Maybe you’ve just started investing and you’re wondering what the ideal amount to invest is. Or, perhaps you’ve been at it for a while and you’re curious whether your chosen sum is the right one. It’s an understandable (and very common) consideration.

But, it's just like the “right” amount of money to spend on housing and the “right” amount to have in super . There’s no one-size-fits-all answer to how much of your income should go towards investing in shares and ETFs . The ideal figure is different for everyone, because it boils down to several factors that are highly variable.

To try and figure out a suitable investing amount, ask yourself the questions below.

What are my financial goals and timeline?

One of the first and most important things to think about is your financial goals – because these likely underpin why you’re investing. Are you solely focusing on your long-term investing targets? Or are you saving towards other objectives like a holiday, a new car, or your kids’ education ?

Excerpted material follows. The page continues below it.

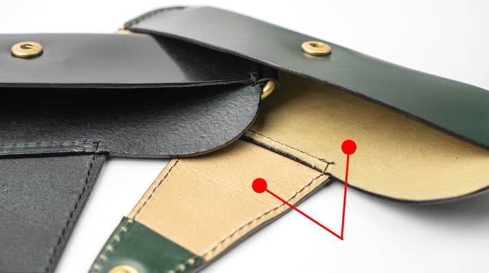 生地を使っていないので、そのままでは革の繊維がついてしまいます。革の繊維がつかないように、革の裏面には毛羽立ちの抑え処理を行いツルっとした仕上げにしています。
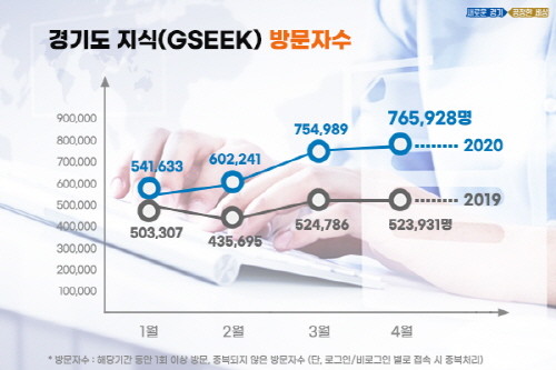 26일 경기도에 따르면 지식(GSEEK)의 콘텐츠 이용량은 올해 1월 133만90건, 2월 116만9,253건, 3월 191만2,771건을 기록했으며, 4월은 294만4,431건으로 1.2.3월 대비 4월 조회 수가 2배에 이른다.

If it’s the former, you may allocate a higher percentage of your income to investing. If it’s the latter, you may want to commit less to your portfolio to accommodate your other targets.

Can I cover my living expenses?

This is crucial because you probably shouldn’t be thinking about investing unless you can cover your day-to-day expenses on your current income. There’s no use putting $100 a week into the stock market if you can barely afford your power bills.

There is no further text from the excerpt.